On 30 August 2009, Setaimata Sa was charged with assault, resisting arrest, malicious damage and failure to leave a licensed premises, after a drunken episode in a Sydney hotel.
He played for the Catalans Dragons in 2010 after sealing a release from the final two years of his Sydney Roosters contract. The deal was a part exchange transfer involving Jason Ryles moving in the opposite direction.

In 2014 Sa transferred to Hull F.C. on a contract until the end of 2015.
On 25 October 2016, Sa signed a three-year contract with Australian Rugby League team Mackay Cutters who play in the Intrust Super Cup.

==International career==
He was called up for the 2008 ANZAC day test at the SCG.
In August 2008, Sa was named in the New Zealand training squad for the 2008 Rugby League World Cup, and in October 2008, he was named in the final 24-man Kiwi squad.

He also represented Samoa on five occasions scoring four tries. In 2006 he was selected for the New Zealand Tri-Nations squad but was not selected for any of the matches in the series. In 2007 he was in running to be selected for New Zealand again but missed out through injury along with Kiwi international and Sydney Roosters teammate Iosia Soliola. Sa was a member of the World Cup winning New Zealand team beating Australia in the 2008 World Cup Final at Suncorp Stadium, Brisbane.
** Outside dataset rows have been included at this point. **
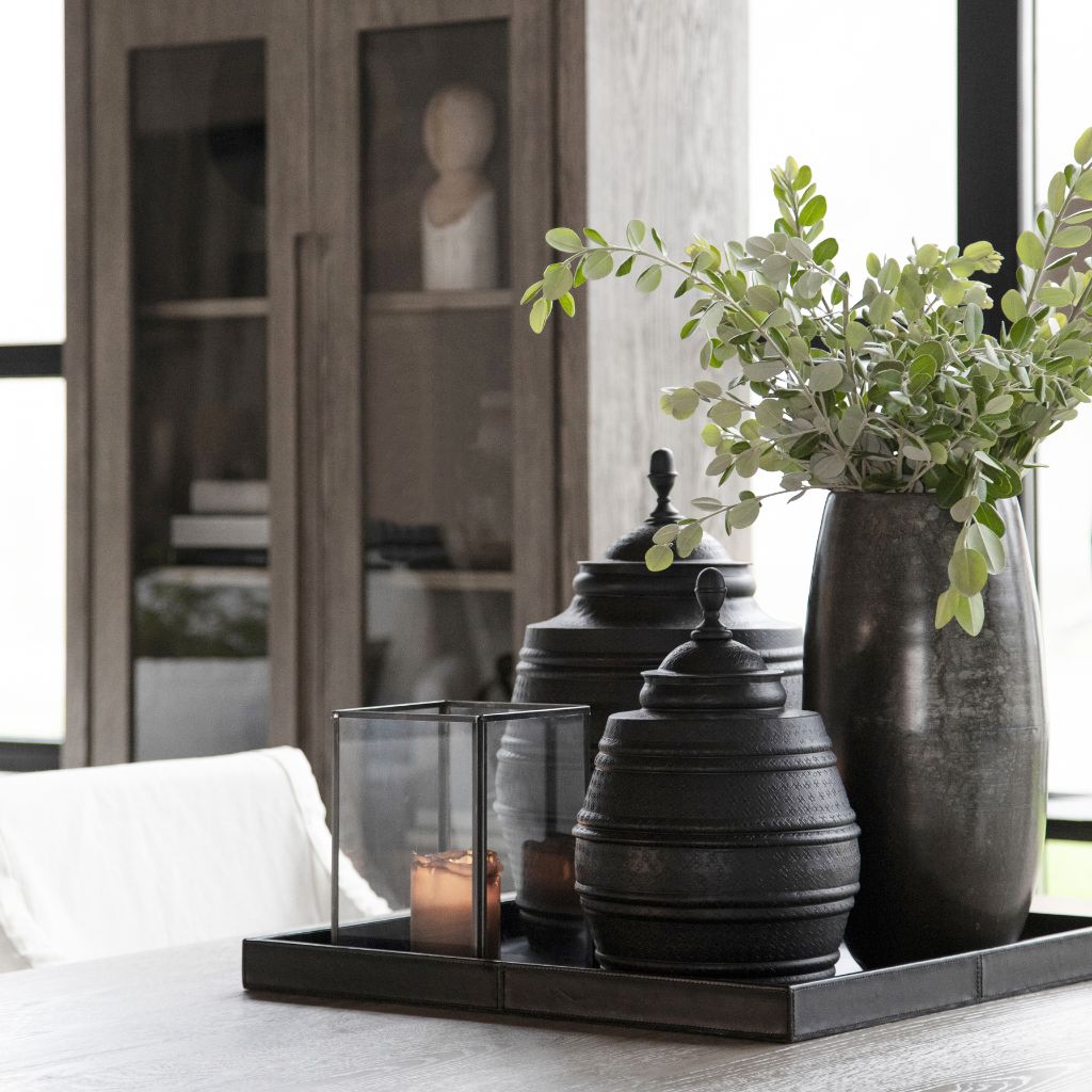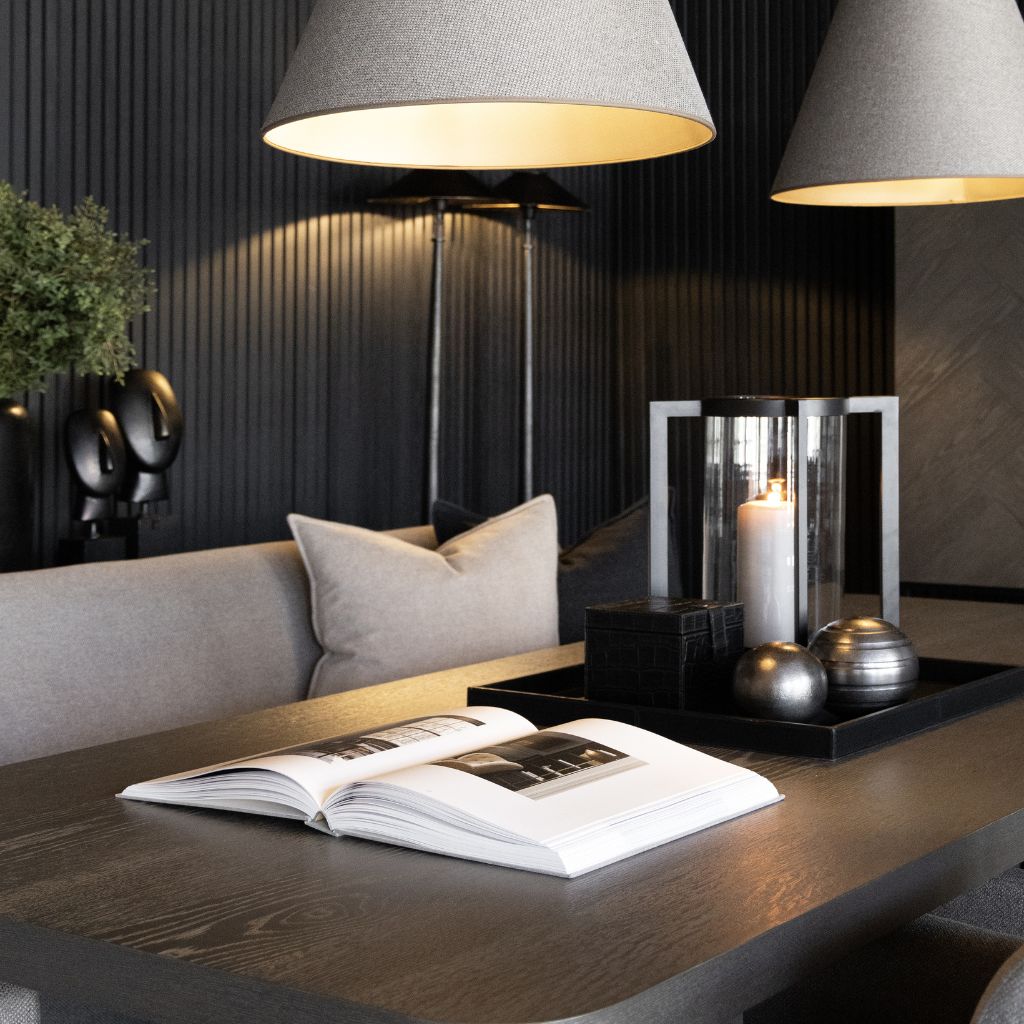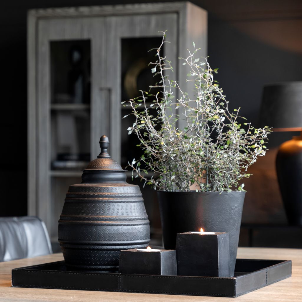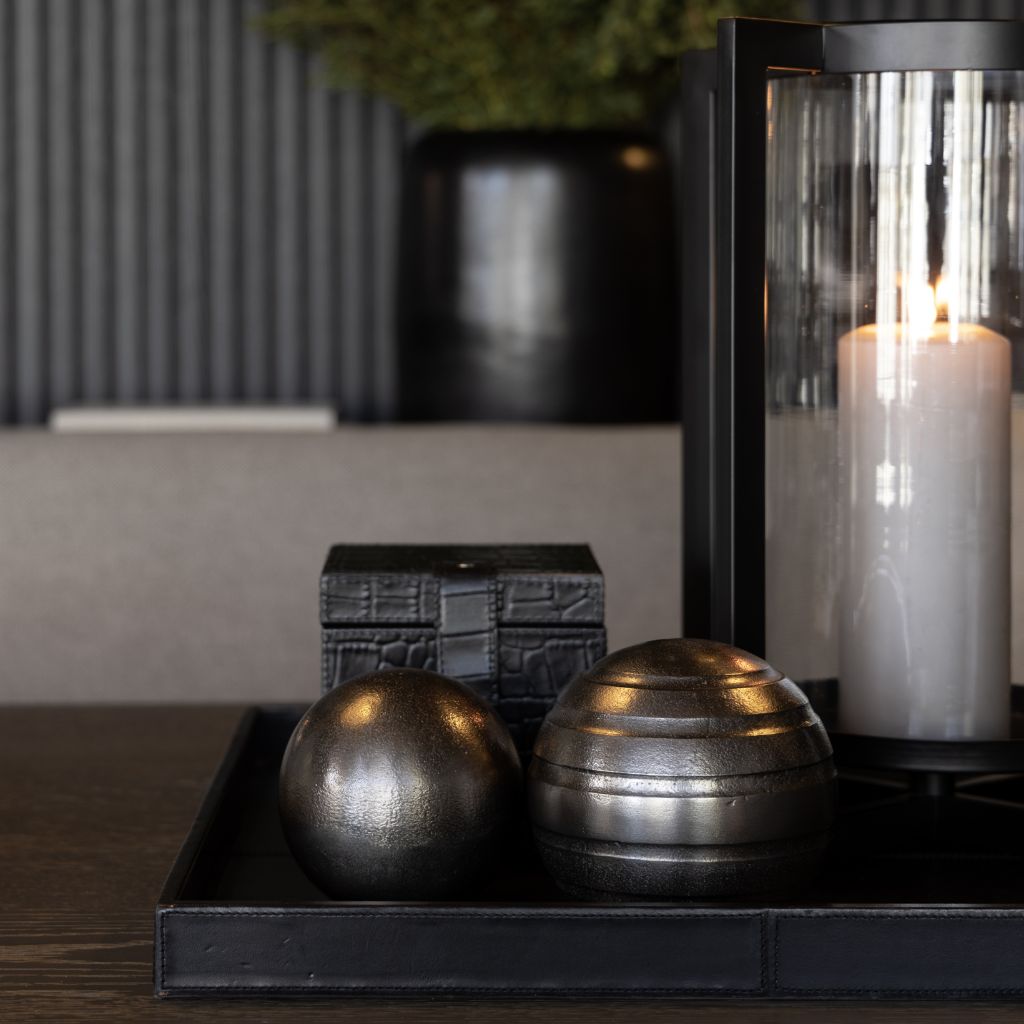 En fyrkantig bricka klädd i läder med dekorativa sömmar. Perfekt för servering eller som ett dekorativt inslag. Brickans robusta konstruktion och tidlösa design gör den till ett idealiskt val för både moderna och klassiska hem.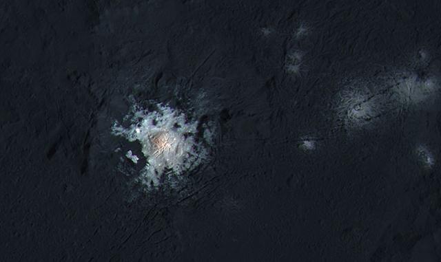 欧卡托撞击坑的增强色照片,撞击坑中心亮斑与周围物质明显不同。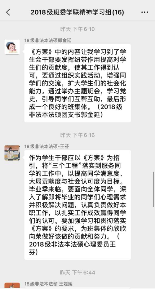 通过深入学习《加强和改进新时代学联学生会工作实施方案》,对习近平总书记关于青年工作的重要思想和关于教育的重要论述有了进一步的了解和认识,我明白了党支部活动的开展不能脱离青年学生活动的特点和规律,要着力服务于广大同学的普遍性需求,要不断提升同学满意度、大局贡献度和社会认可度。因此,在日后的党支部活动中,法本法硕班将紧紧围绕这三个要求,在丰富活动载体的同时寓教于乐,使得党员同志深入学习贯彻习近平新时代中国特色社会主义思想,学习党史、新中国史、改革开放史、社会主义发展史,将爱国爱党和爱社会主义高度统一。

Sa was eligible to represent Samoa.

==Rugby union career==
When at Shirley Boys' High School in Christchurch he played Rugby for the school's first XV.

In 2012 Sa signed a contract to switch codes and play rugby union for the London Irish club, which was finally completed in January 2013 after he received a work permit.

On 9 November 2012, he made his debut for the Samoan national team against Canada.